[PD] Threading in Pd/libpd

Wed Sep 28 22:16:37 CEST 2016

Thanks Jonathan.

Also [readsf~] supports threading and so do [udpsend] and [udpreceive], for obvious reasons involving system calls.

> Can you guarantee that the revisions you've implemented generate the same output as Pd Vanilla, for all cases?

I'd rather say it does not, in all cases. At the very least there is going to be a delay involved. But, if this brings to a different behaviour, yet still deterministic, would that be bad? After all, the above mentioned objects are not deterministic themselves, yet they are widely used, with a very high success rate. And what happens if you realize your [readsf~] glitches ? You change your code so that it sends the [open( message earlier on. As the objects I am talking about ( fft~, fiddle~, sigmund~) do not rely on system calls, I expect their behaviour to be more predictable than that of, e.g.: [readsf~].
I think I'll see if I can put together a [blockthread~] object which can do something useful.

Best,
Giulio

> From: Jonathan Wilkes <jancsika at yahoo.com>
>To: Giulio Moro <giuliomoro at yahoo.it>; Pd-List <pd-list at lists.iem.at> 
>Sent: Tuesday, 27 September 2016, 18:35
>Subject: Re: [PD] Threading in Pd/libpd
> 
>
>
>> So, probably this point has been discussed previously, I'd like to know:
>> - are there any existing objects doing this already?
>
>
>There is a creation argument to [coll] in Pd-l2ork that enables threading.
>
>
>
>
>
>> - what are the pitfalls that prevented such an approach from making its way into Pd?
>
>
>The second biggest pitfall is that such an approach can easily (and subtly) break determinism.
>
>
>The biggest pitfall is overestimating the benefit of the performance gains to the detriment of 
>
>determinism.  Can you guarantee that the revisions you've implemented generate the same 
>
>output as Pd Vanilla, for all cases?
>
>
>- how can I help?
>
>
>A good place to start might be regression tests for block~.  I'd especially look at cases that 
>
>use vline~ in conjunction with it, using very small delays, and make sure that you are getting 
>
>the exact same samples output using your revised objects.
>
>
>-Jonathan
>
>
>
>
>
>
>
>>>>________________________________
>>From: Giulio Moro <giuliomoro at yahoo.it>
>>To: Pd-List <pd-list at lists.iem.at> 
>>Sent: Sunday, 18 September 2016, 2:23
>>Subject: Threading in Pd/libpd
>>
>>
>>
>>Hi all,
>>if I understand correctly, using the [block~] and [switch~] objects to increase the blocksize for a given subpatch, means that the DSP computation for that subpatch is delayed until the moment when enough input samples have been collected, at which point the entire DSP stack for the subpatch is performed at once and the outputs are written to the output buffer.
>>This means that the DSP load is not spread over time, rather it is concentrated in that single audio driver callback when the buffer for that subpatch happens to be ready to be processed.
>>
>>
>>Now, if what I say makes sense, then this approach has the disadvantage that the CPU load is not spread evenly across audio callbacks, eventually causing dropouts if whatever computation takes too long in that one callback, forcing you to increase the internal buffering of Pd (``Delay'') to cope with this.

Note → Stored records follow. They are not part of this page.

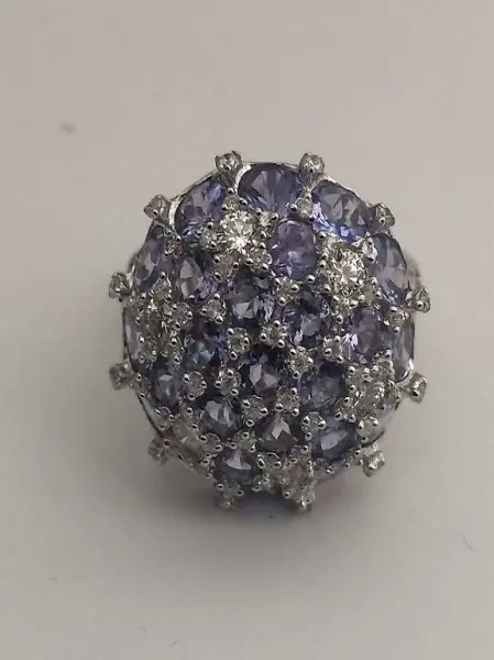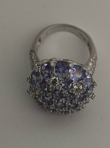 Zu verkaufen wunderschönes Collier und passender Ring Weissgold 585, Collier mit total 31ct. Tansanittropfen und 32 Brillanten 0,6 ct, Ring mit 25 runden Tansaniten und zahlreichen Brillanten.
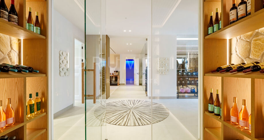 La planta superior está dedicada al descanso, con elegantes suites de dormitorios, incluyendo un amplio dormitorio principal con terraza privada, vestidor y vistas impresionantes. La planta de entretenimiento ofrece un refugio de lujo con gimnasio privado, bodega, sala de cine y garaje para varios vehículos, además de lavandería y zona de almacenamiento, todo diseñado para combinar comodidad y funcionalidad con estilo.
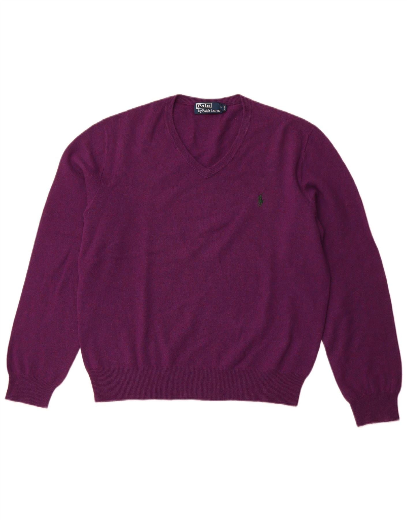 Suéter masculino POLO RALPH LAUREN com decote em V, lã merino roxa média
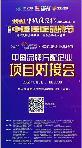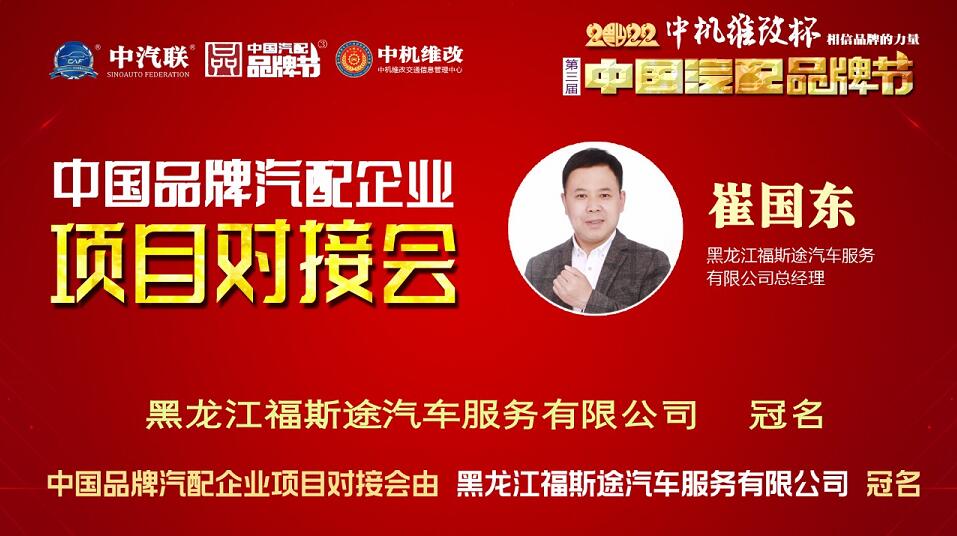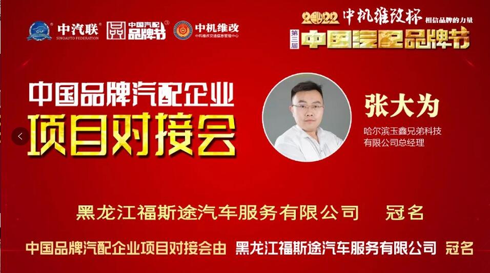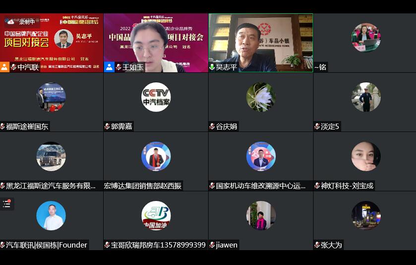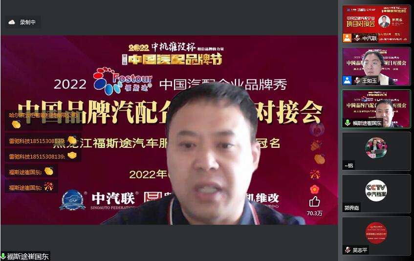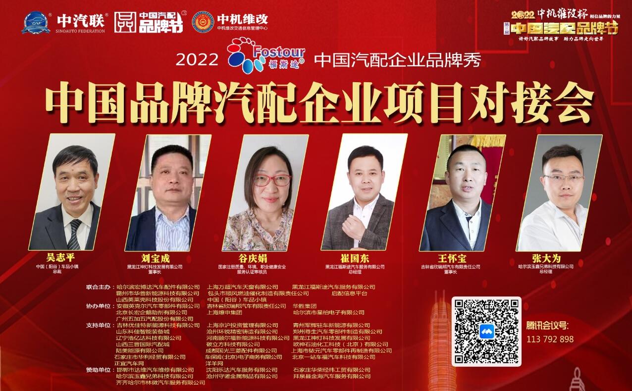 2022年6月2日,“2022 福斯途杯 中國汽配企業(yè)品牌秀”的第四場活動,由 黑龍江福斯途汽車服務(wù)有限公司 特約冠名播出的2022中國品牌汽配企業(yè)項目對接會在線上成功舉行,中國(陽谷)車品小鎮(zhèn)總裁、中汽聯(lián)商業(yè)地產(chǎn)委員會常務(wù)副主席兼秘書長吳志平,黑龍江神燈科技發(fā)展有限公司董事長劉寶成,北京放心聯(lián)合認證中心(北京)有限公司審核部經(jīng)理、國家注冊質(zhì)量、環(huán)境、職業(yè)健康安全、服務(wù)認證審核員谷慶娟,黑龍江福斯途汽車服務(wù)有限公司總經(jīng)理、中國汽配品牌節(jié)副秘書長崔國東,哈爾濱玉鑫兄弟科技有限公司總經(jīng)理張大為 等嘉賓出席汽配企業(yè)品牌秀并做了精彩分享,引起了行業(yè)的廣泛關(guān)注,點贊數(shù)量達到80萬個。2022中國品牌汽配企業(yè)項目對接會由中汽聯(lián)執(zhí)行秘書長、中國汽配品牌節(jié)常務(wù)秘書長王如玉主持。

At the same time, though, the CPU will be pretty much idle in all the other audio callbacks.
>>
>>
>>If we could spread the load of the expensive, but occasional, computation (say fft) over multiple audio callbacks, then the CPU load would be more even, with no spikes and there would be no need to increase Pd's internal buffering.
>>This would require to have the output of the fft available a few processing blocks after the one where it was started, while the current approach allows to have it immediately available. A fine tuning of the system would be required to understand how much this latency should be, and worst case it would be the number of overlap samples as set by [block~] (as in: if the system cannot process these blocks fast enough, then you should lower your requirements, as your system cannot provide the required throughput). Now this may seem a downside, but the actual overall roundtrip latency of the Pd subpatch would be not much larger than the one currently achievable (if at all larger), with the added advantage that the rest of Pd could work at smaller blocksizes, and with a ``Delay'' set to 0.
>>The ultimate advantage would be to have a more responsive system, in terms of I/O roundtrip for most of the patch, except those subpatches where a longer latency is anyhow imposed by the algorithm. Think for instance of having a patch processing the live the sound of an instrument, which also uses [sigmund~] to detect its pitch to apply some adaptive effect. A low roundtrip latency could be used for the processed instrument while the latency imposed by [sigmund~] would only affect e.g.: the parameters of the effect. I see how this approach may be useful in many cases.
>>Multi-core hardware would take extra advantage from this way of spreading the CPU usage.
>>
>>
>>I am in the situation where I hacked together a threaded version of [sigmund~] for use with libpd on Bela which works fine and I am wondering if it is worth going down the route of making threaded versions of all objects with similar requirements (which I really would not want to do) or I should rather try to create some higher-level objects (say [blockThread~] ) that perform the threading strategy mentioned above.
>>It may be that [pd~] could probably(?) provide the solution requested, but it seems to me there is lots of overhead associated with it, and I do not see how to easily integrate it with our use of libpd.
>>
>>
>>So, probably this point has been discussed previously, I'd like to know:
>>- are there any existing objects doing this already?
>>- what are the pitfalls that prevented such an approach from making its way into Pd?
>>- how can I help?
>>
>>
>>Best,
>>Giulio
>
>